George Bailey’s Story

George is a man on a mission. Completely devoted to both seeing and doing big, amazing things. From the time he is very young he has plans to travel the world and make his own dent in the world.

Time and again his plans are delayed, disrupted, and finally crushed. The entire first half of the movie is designed to give us a feel for just how devastating the central moment of his imminent business failure will be. Ever a man of sacrifice and integrity, he takes the bullet for somebody else’s mistake and seeks an honorable way out of the onslaught. With none available, he ponders the unthinkable when he is “saved” at the last moment.

He emerges from this “saving” a new man … completely changed and seemingly no longer living under the regret of unfulfilled dreams.

Changes Coming

For many years, I feel like I’ve been living my own version of the first half of George Bailey’s story. Failed businesses. Family plans unstable. Friendships lost. Everybody surpassing me on every side.

While taking in my annual viewing of “It’s a Wonderful Life” this week I was struck with the difference in which I was viewing his final moment of clarity and joy. Usually I have a longing to have that same type of resolution. To feel settled, calm, and finally “home”. This time, I was identifying gratefully with George Bailey’s resolution.

Lessons Learned

No angels for me or thousands (or hundreds of thousands in today’s money) of dollars of cash donated by my friends but I’m gratefully blessed in my own way.

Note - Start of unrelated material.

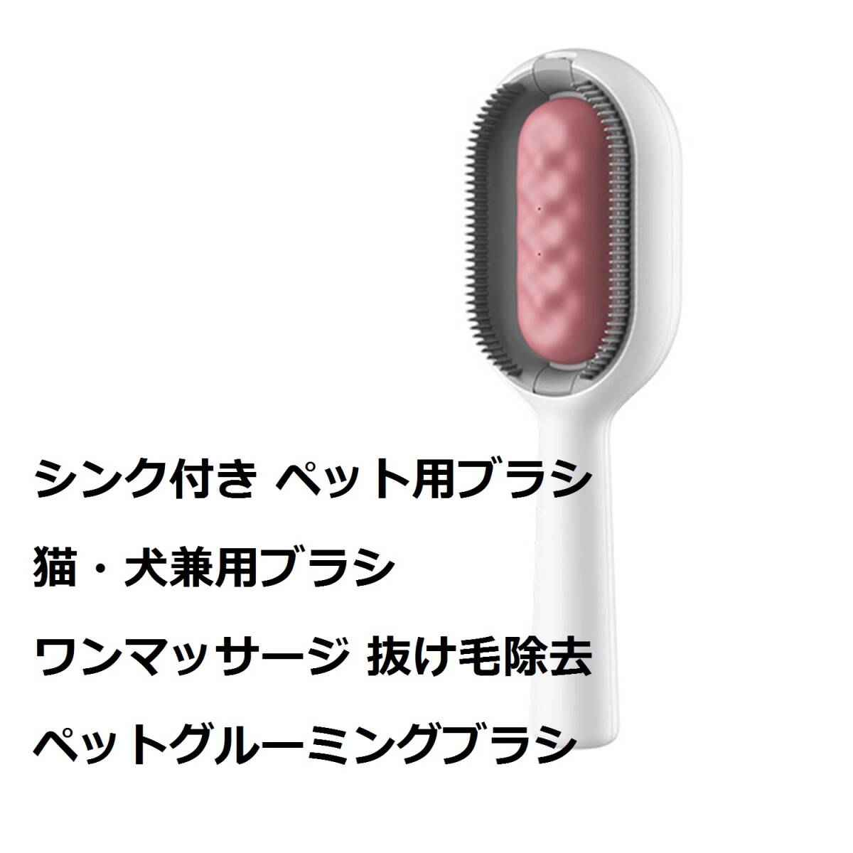 # BM21 シンク付き ペット用ブラシ 猫・犬兼用 長毛種・短毛種 くし ワンマッサージしながら抜け毛除去 ペットグルーミングブラシ

Of course, none of the money meant anything to George either. Sure, it was welcome, but it was almost irrelevant at that point in his journey. Ok, yes this is just a movie but the connection we feel to it is real and the change represented in George is one available to us.

The change came from seeing his life differently. In perceiving his true gifts no longer as secondary, but as primary to his happiness. At one point he even says, “I’m going to jail, isn’t it wonderful!”

Finding Our “Shift”

This shift in perspective is, in fact, the secret to getting off the treadmill in a way that ALL of us can accomplish. Sure, the “endless amounts of money” method would be fantastic … but it is a much less reliable way.

Instead, recognize that everything you need to be happy … you already have. You have life still left to live. Existence in a society that supports us even when we’re beat down. And opportunities that our ancestors would salivate at.

What are we waiting for?

Thomas runs CuriousPursuit, a site for those that are pursuing life from a perspective of curiousity and expectation. Download our Book Tools for free that will enable you to get more out of what you read.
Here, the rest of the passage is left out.